熱いぜ!新宿の夏、三井ビルのど自慢45回

真夏の超高層ビル街を騒がせる新宿三井ビルの「会社対抗のど自慢大会」の季節が、今年もやってきた。入居企業の親睦や交流を目的に、ビル開業の1974年(昭49)から続くイベントで45回目。近年はハイレベルなパフォーマンスが、ビル外からも注目を集め、メディアにも盛んに取り上げられるなど、親睦や交流の枠を超えた人気イベントとなっている。

「本格的な照明や音響、大勢の観客を前に歌う快感。やみつきになる気持ちよさです」と語るのは、大会の「レジェンド」とも呼ばれる三村英司さん(46)。普段は生命保険会社の課長さんだ。

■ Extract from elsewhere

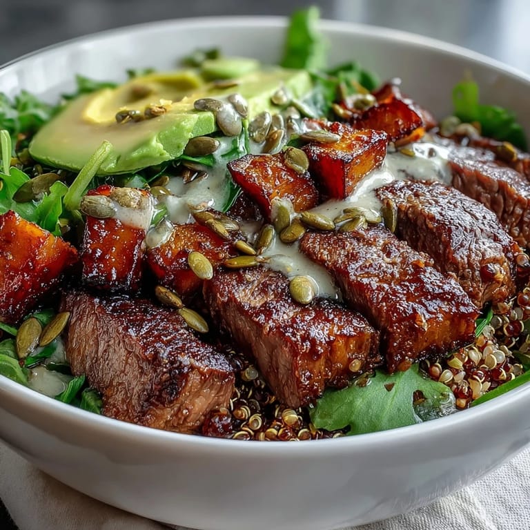 Pin it The skillet was still hissing when I realized I'd never paired steak with butternut squash before. My neighbor had dropped off a rogue squash from her garden, and I had flank steak thawing with no real plan. I tossed cubes into the oven with cumin and garlic powder, let the steak sizzle in a smoky marinade, and piled everything over quinoa with whatever greens I had. That bowl became my new weeknight anchor.

社内でもカラオケ好きで知られる三村さんが、異動でビル内の支社に支社長として赴任したのが3年前の春。若手社員から出場を勧められた。○○社のキャンディーズや大黒摩季、××社の西城秀樹やX-JAPANといった各社の精鋭が、プロ並みの歌唱力と、趣向を凝らした衣装や振り付けで競いあう。職場の仲間も紙吹雪を飛ばし、ペンライトを振って応援する。ビル外からのファンも詰めかけるようになり、今や「会社員の夏フェス」のような大盛り上がりの大会となっている。

三村さんは、十八番の松山千春を選曲して3年連続で決勝進出。1年目は「長い夜」を熱唱する(写真<1>)舞台袖から若手社員が登場、三村さんの衣装を脱がし、肌の露出が多いボンデージ風の衣装へ早変わりさせる(写真<2>)。さらに、ものまね番組のご本人登場よろしく、別の同僚が背後から現れる演出(写真<3>)で、やんやの喝采を浴びた。以後、歌唱力はもちろん、体脂肪率を7%にまで落とした肉体を惜しげもなく披露する「脱ぎ芸」で、「レジェンド」と呼ばれるまでになった。上位に入賞すると翌年の出場資格を失うため、決勝に進む実力と、上位には入らない「ほどよさ」が、連続出場には求められる。そこも「レジェンド」たるゆえんだ。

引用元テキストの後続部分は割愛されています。